突然……

我的肩膀被温热的手掌握住,我心中一惊,握着镯子的手一松,那白玉镯子便落在地上碎了一地,我心痛难耐,却碍于身后站着的皇太极不好发作,只好转头看着皇太极,嘴角上扬,轻声道:

“大汗怎么起来了?”

“没你在身侧,睡不着。”他扶着我的肩膀,在我身侧坐下,然后看着地上的镯子:“这镯子是白玉的,可惜碎了。”

我佯装起无所谓的微笑,轻声道:“不过是一只镯子,碎便碎了。”我侧眸看着皇太极的表情,我不能让他生疑,即便是再痛也得忍着:“大汗?这七格格可好些了?”

“不过是受了些寒,有她额涅陪着就好。我心里想着你,便来看你,谁料你去了娜木钟那里。”他伸手将我揽入怀里,柔声说道。我心里还有些疑惑,他既然知道我是去了娜木钟那里,为何又会怀疑我出宫了呢?

“大汗虽然嘴上说着心里想着我,却不似从前那样疼爱哈日珠拉了。”我撅嘴,佯装生气,将他推开,与他保持着一定的距离。他眉头微蹙,有些疑惑:

“此话怎讲?”

“既然大汗知道我去了娜木钟姐姐那里,为何还要问我是不是出宫了?若是大汗疼爱我信我,又怎会那样问?如今大汗这后宫是美人如云,便容不下一个哈日珠拉了。”我撅嘴,故作吃味的抱怨着,却惹来他的笑声,他凑近我一分,我便后退两分,这让他不禁有些无奈:

“不过奴才眼拙罢了,说是看见一个身形与你相似的人出宫去了,若我真的不信你,直接去宫门口拿你便是,何苦要去娜木钟那里见你。”他直剌剌的看着我,眼里尽是笑意。

我的心一颤,奴才眼拙……虽然不知这奴才是不是娜木钟安排的,但是我肯定即便不是娜木钟,皇太极也在我身边安插的有眼线……

我依旧佯装着不依不饶的模样,起身将他的衣物拿起来扔到了明间的炕上,在他疑惑的的眼神中,我又抱了被子出去。

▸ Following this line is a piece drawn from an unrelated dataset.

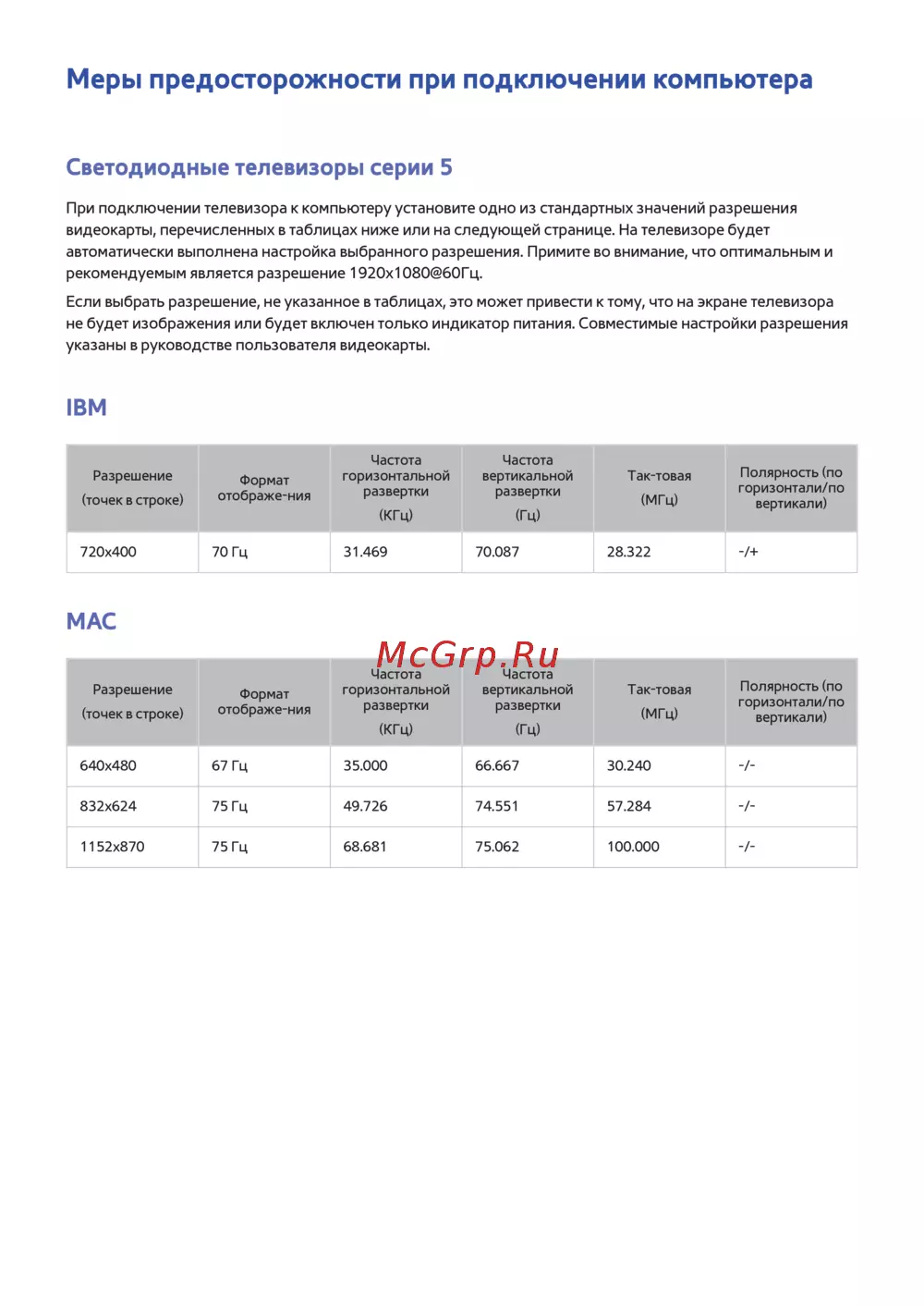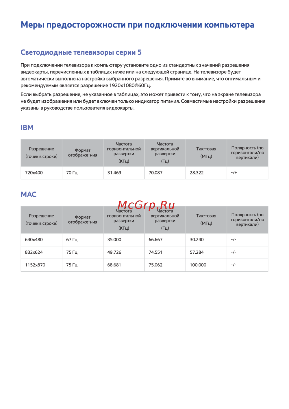 - Если выбрать разрешение не указанное в таблицах это может привести к тому что на экране телевизора не будет изображения или будет включен только индикатор питания совместимые настройки разрешения указаны в руководстве пользователя видеокарты p.140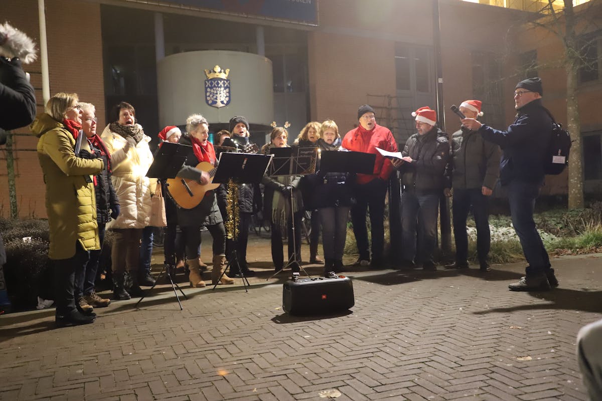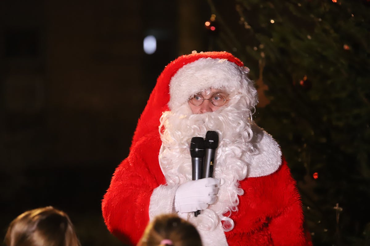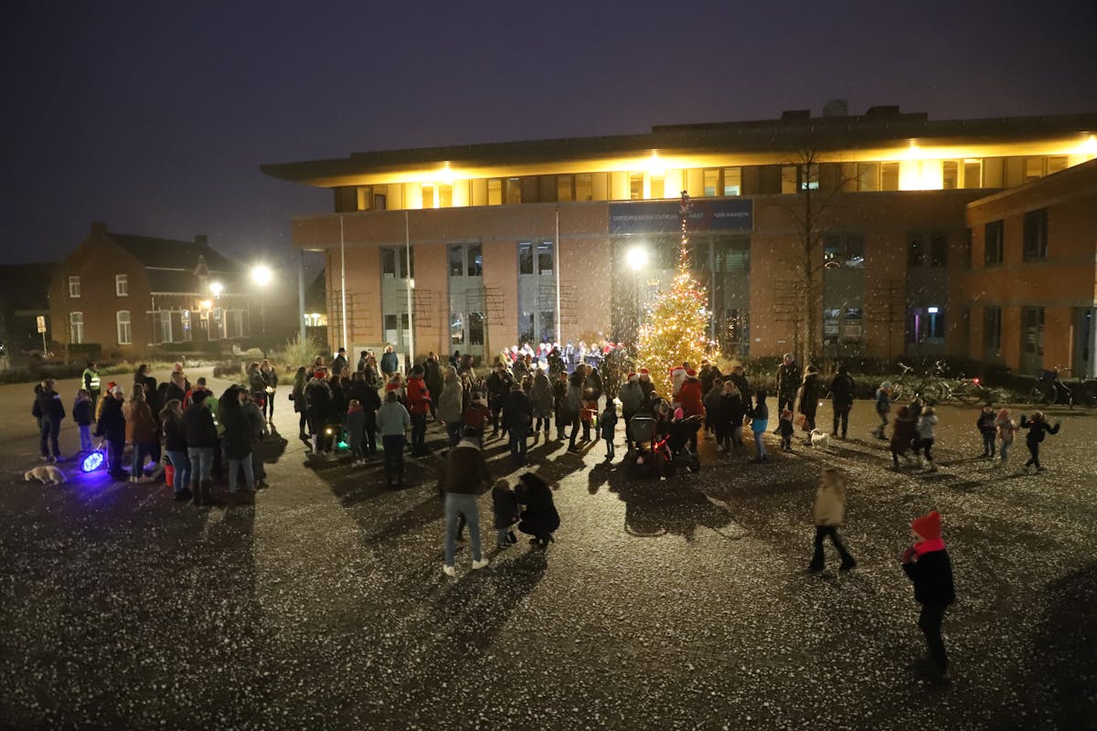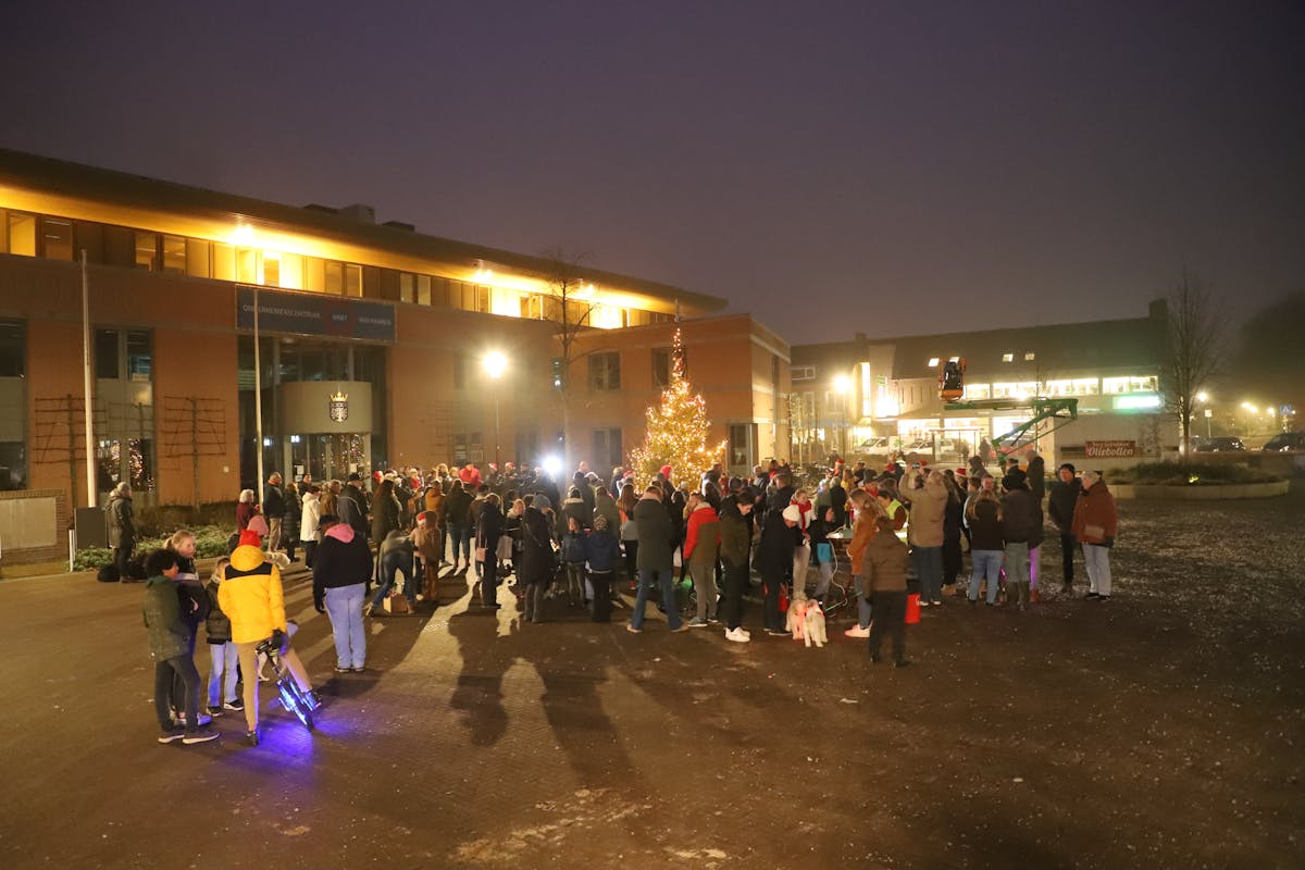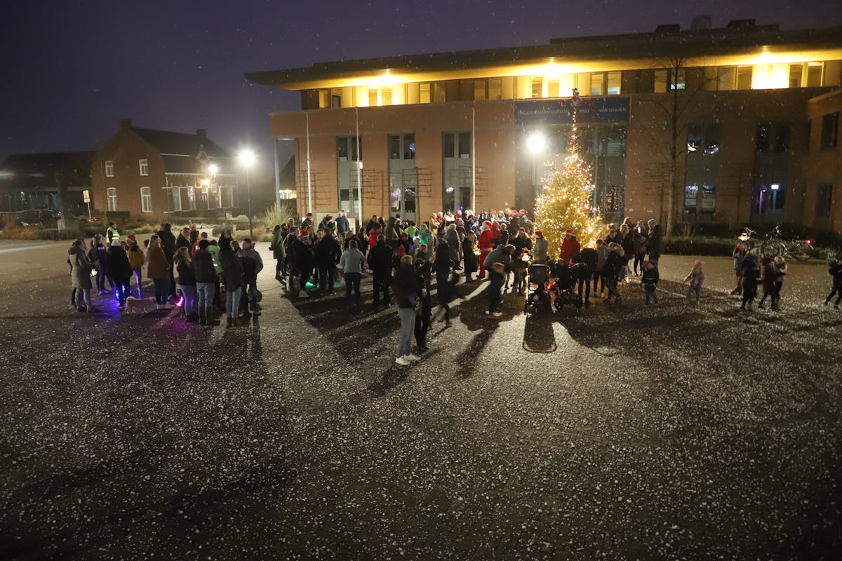 Leuk, dat er daarom dit jaar een klein evenement was, waarbij een heleboel kinderen en ouders bij waren, toen de kerstman de lichtjes in de boom aanstak.

“你这是做什么?”他对我的做法很是不解。我走到他的面前,将他拉起来就往外推,嘴里还不依不饶道:

“大汗这样聪慧还看不出来么?我生气了,即便是你现在怎么解释我都不信,我生气了。反正大汗的福晋不止我一个,就当哈日珠拉小气,日后大汗也不必再来了。”我佯装生气将他推出暖阁,关上了暖阁的门,可是插上门闩的那一刹那眼泪便夺眶而出。不顾皇太极在屋外的“问候”,我只是回转身看着地上摔碎的镯子,缓步过去,将它收起来放在首饰盒的最底层。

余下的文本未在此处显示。